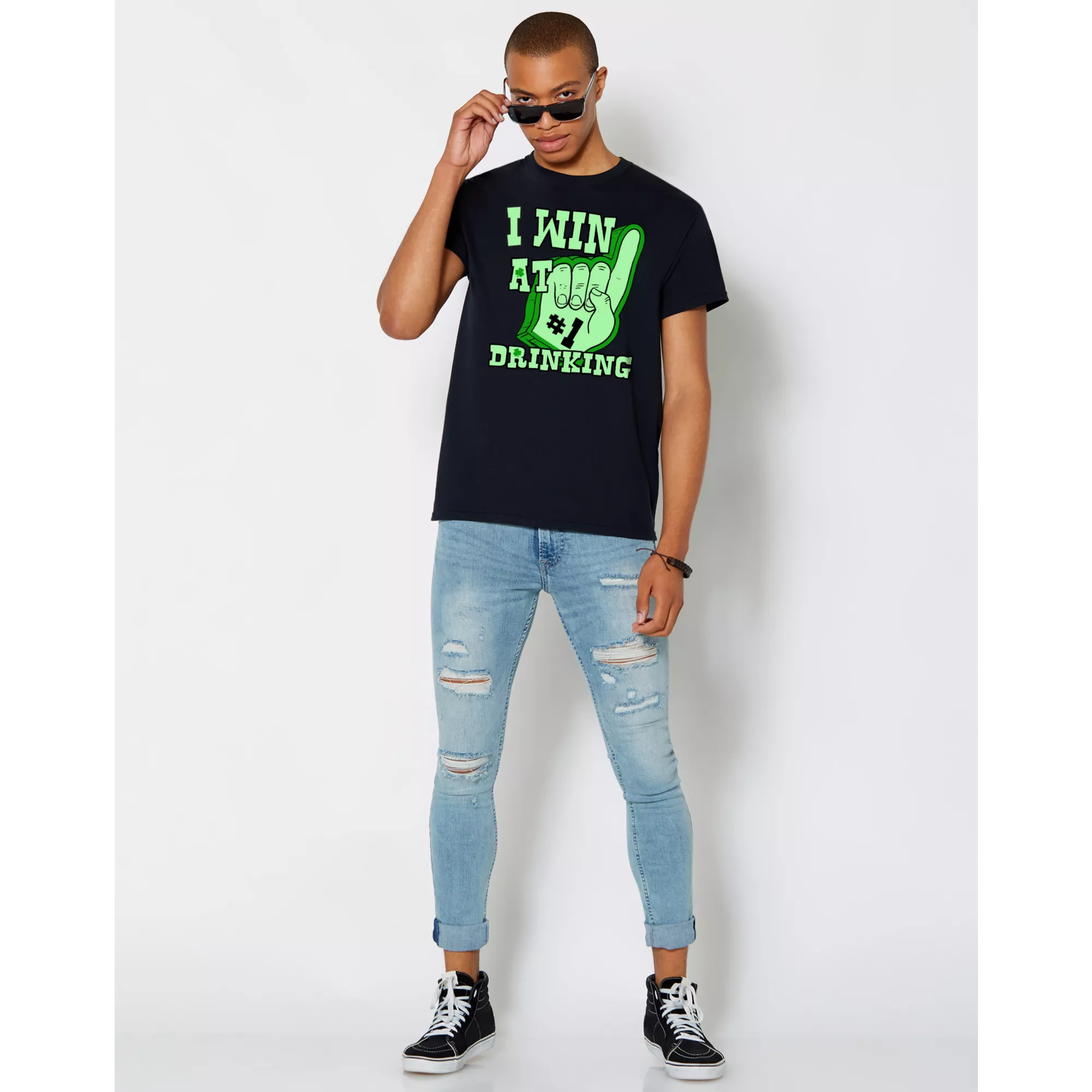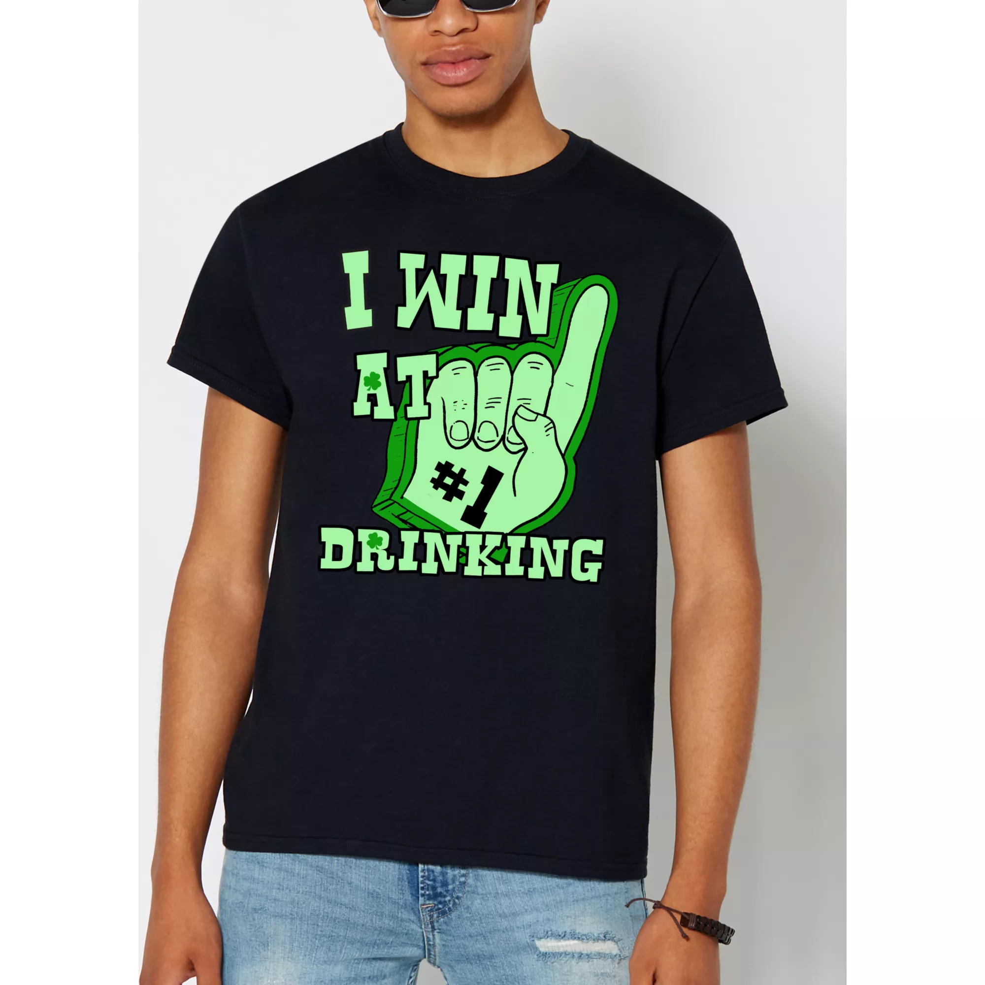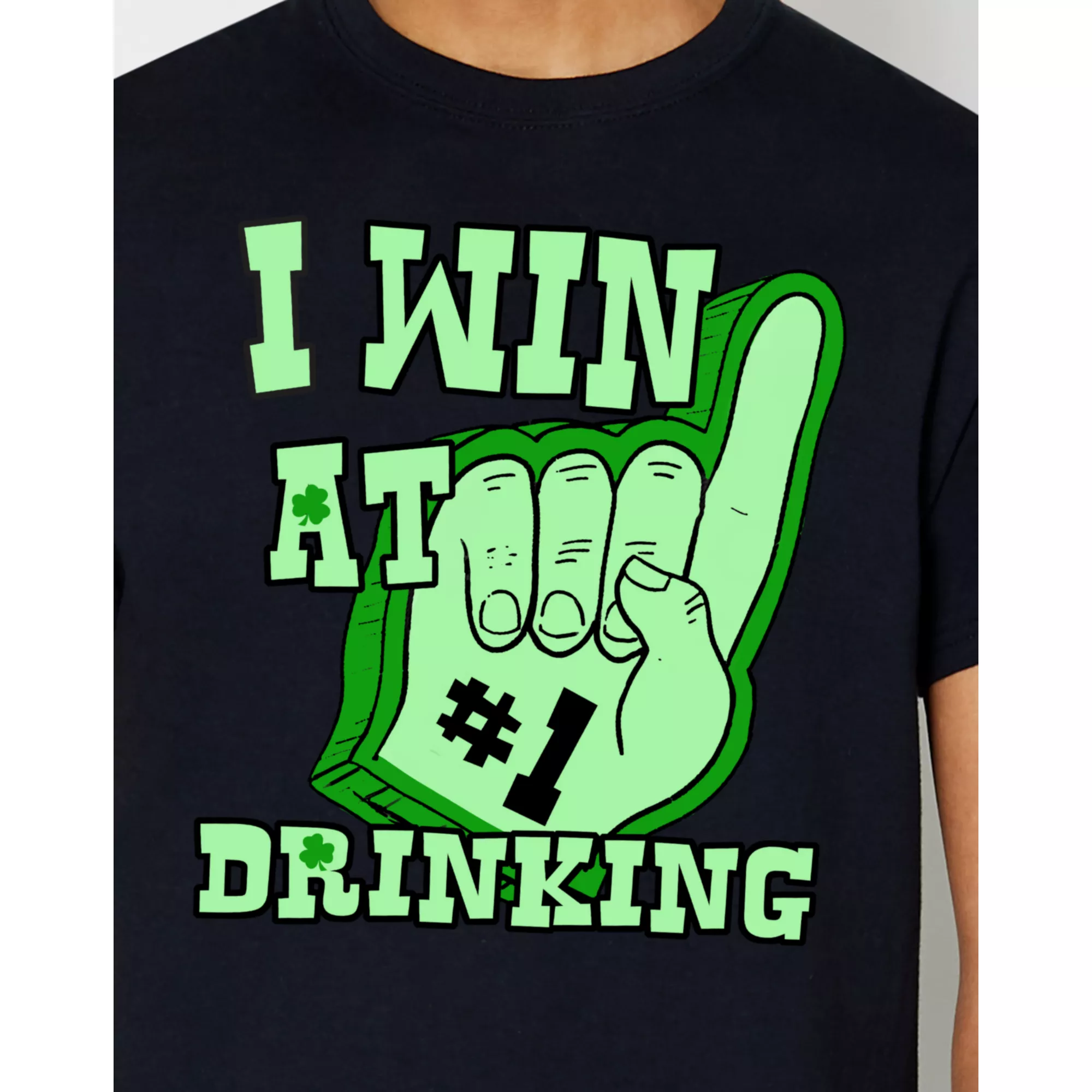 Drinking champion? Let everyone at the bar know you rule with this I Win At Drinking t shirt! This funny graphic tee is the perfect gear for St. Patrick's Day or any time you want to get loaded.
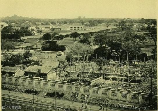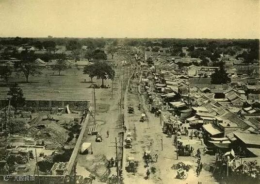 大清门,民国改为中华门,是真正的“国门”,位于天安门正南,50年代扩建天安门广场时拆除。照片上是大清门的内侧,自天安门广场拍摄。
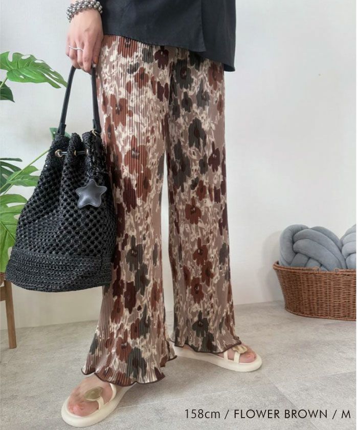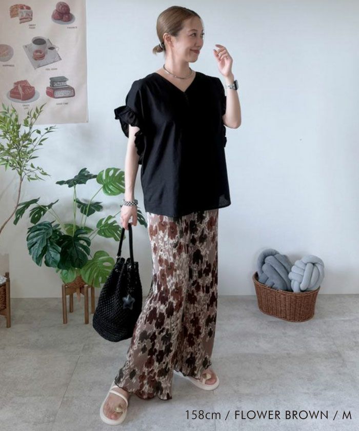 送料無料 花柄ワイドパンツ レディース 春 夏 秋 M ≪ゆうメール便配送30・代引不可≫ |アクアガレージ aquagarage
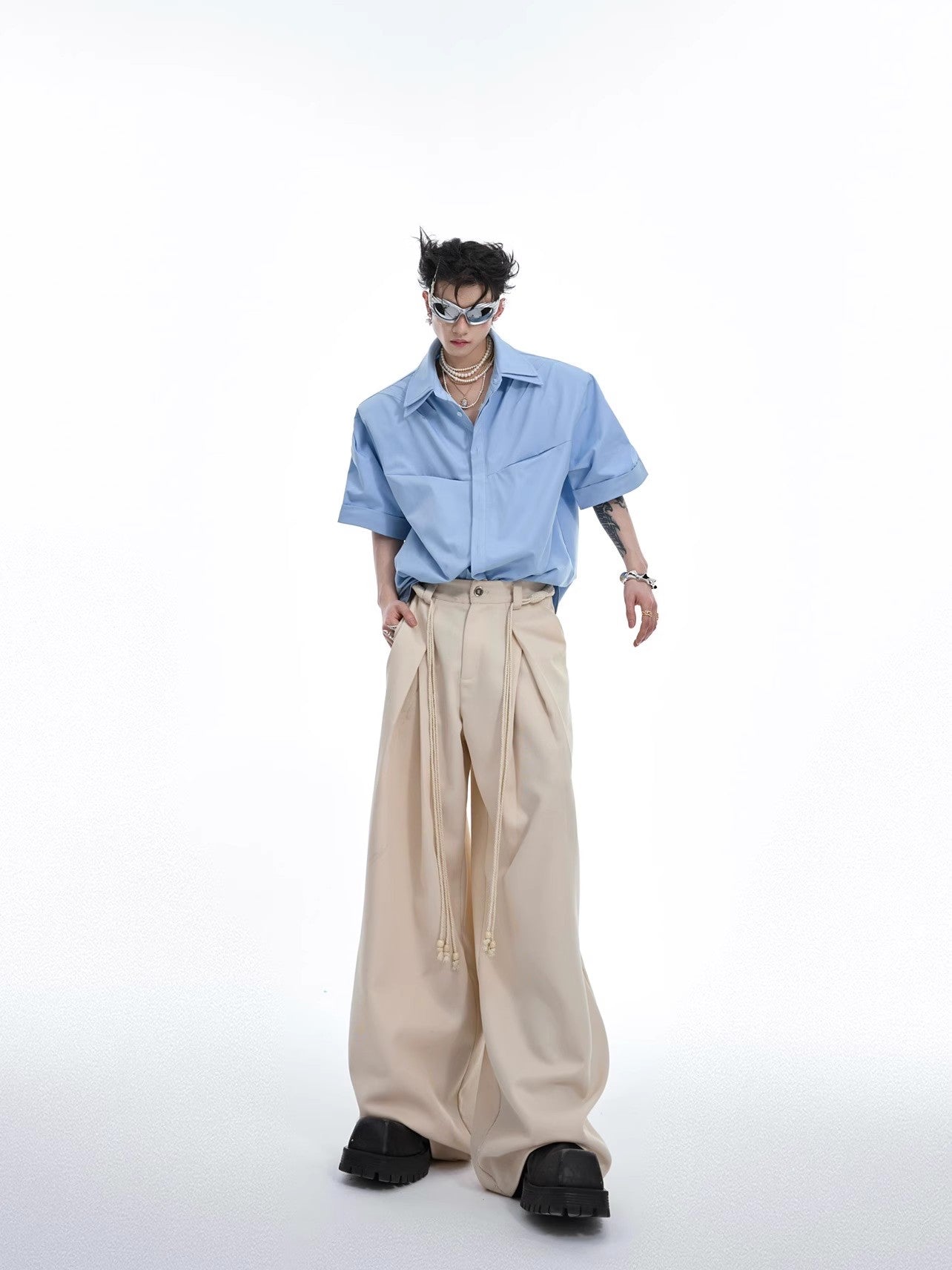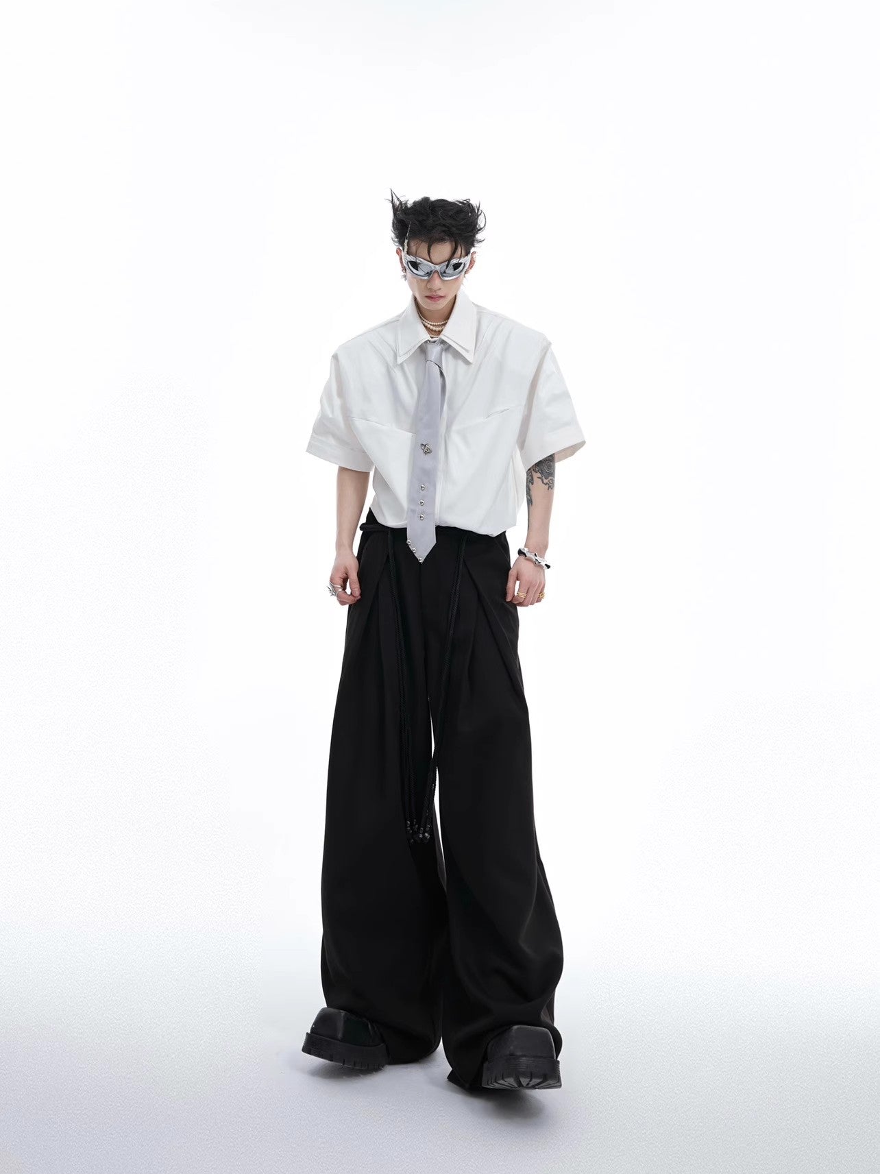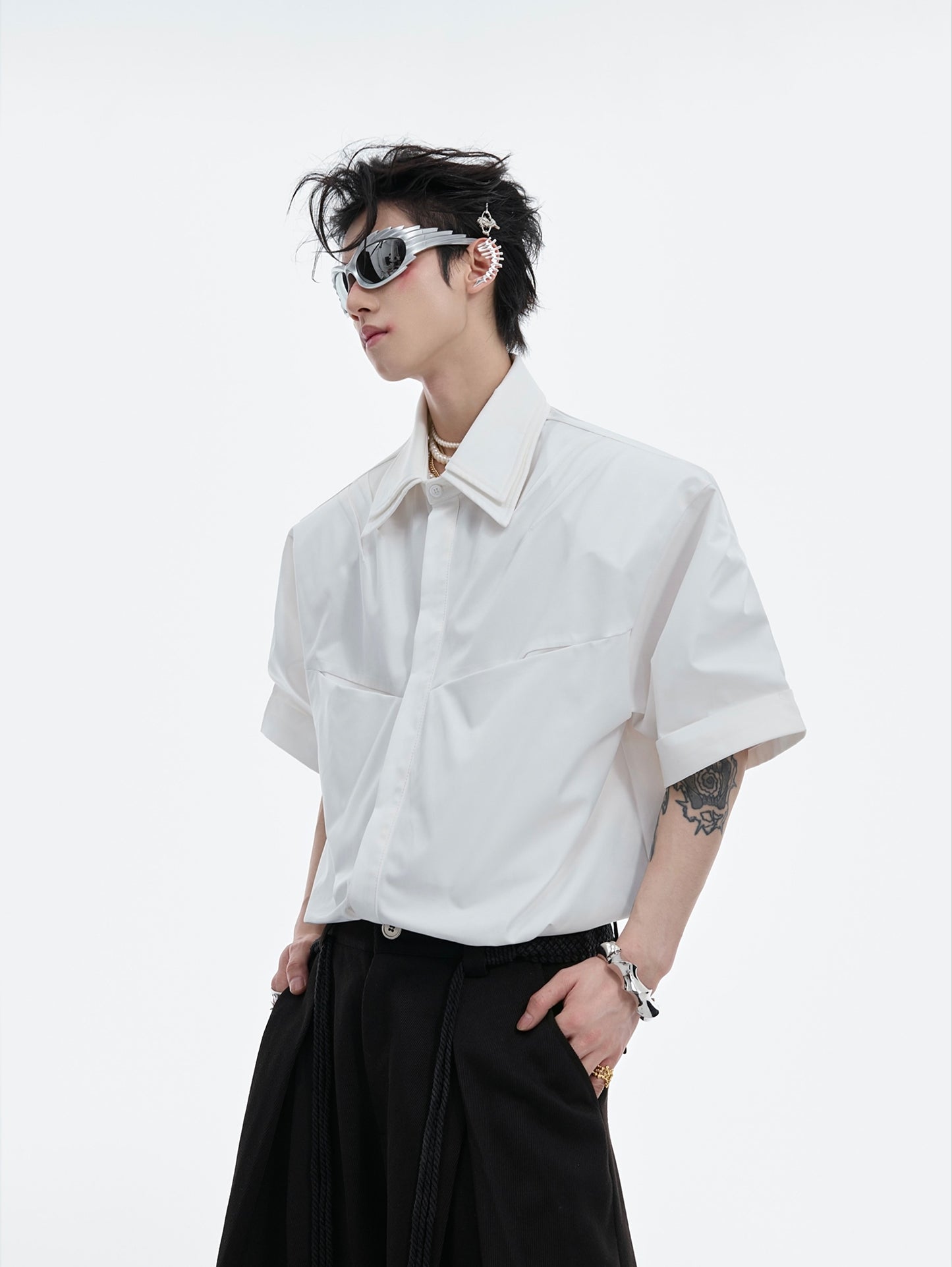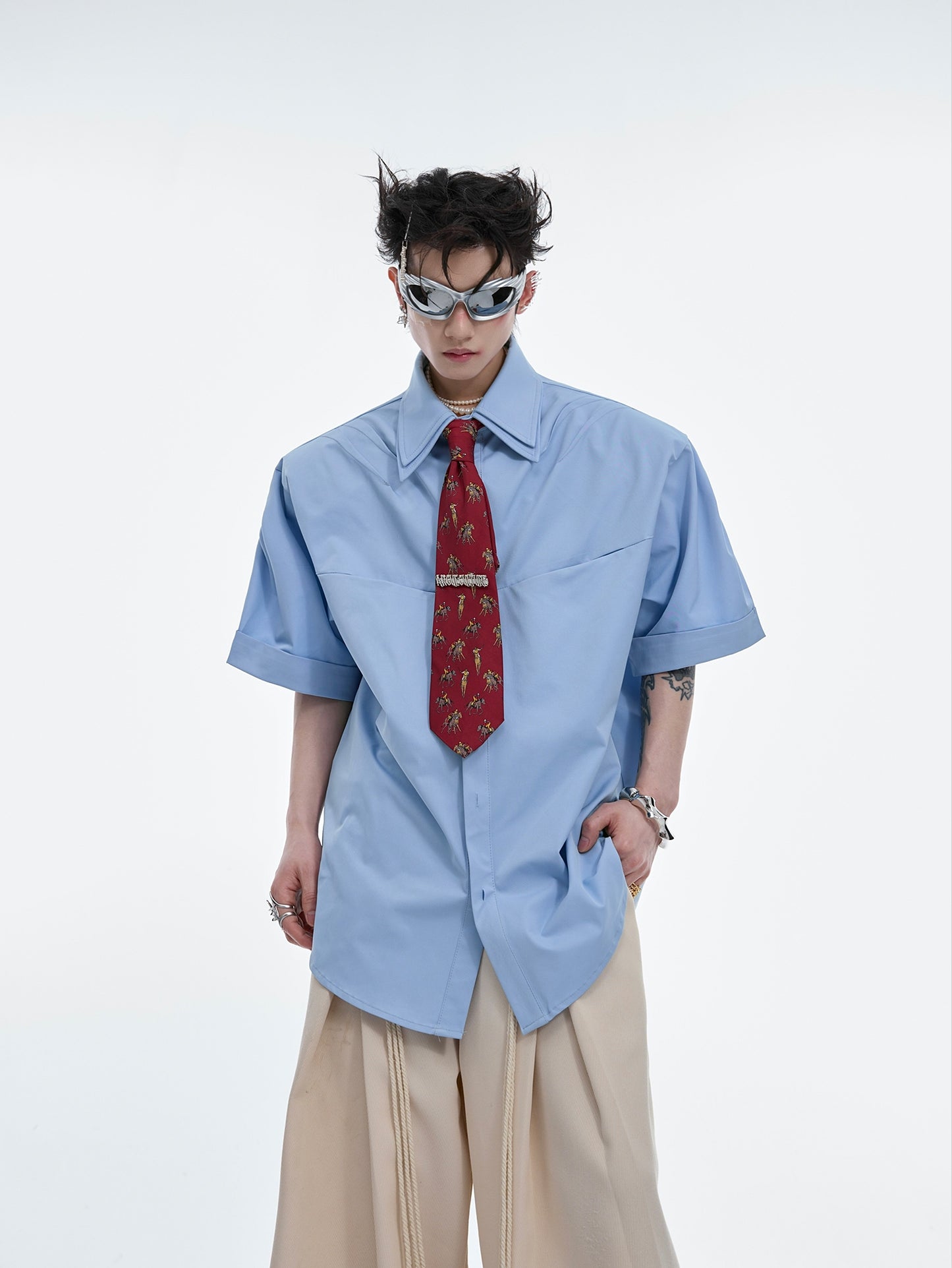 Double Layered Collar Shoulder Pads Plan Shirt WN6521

## Work request:
A word-for-word copy of the listing is needed, with no pictures in it.

## Solution to this problem:
 Drinking champion? Let everyone at the bar know you rule with this I Win At Drinking t shirt! This funny graphic tee is the perfect gear for St. Patrick's Day or any time you want to get loaded.
 大清门,民国改为中华门,是真正的“国门”,位于天安门正南,50年代扩建天安门广场时拆除。照片上是大清门的内侧,自天安门广场拍摄。
 送料無料 花柄ワイドパンツ レディース 春 夏 秋 M ≪ゆうメール便配送30・代引不可≫ |アクアガレージ aquagarage
 Double Layered Collar Shoulder Pads Plan Shirt WN6521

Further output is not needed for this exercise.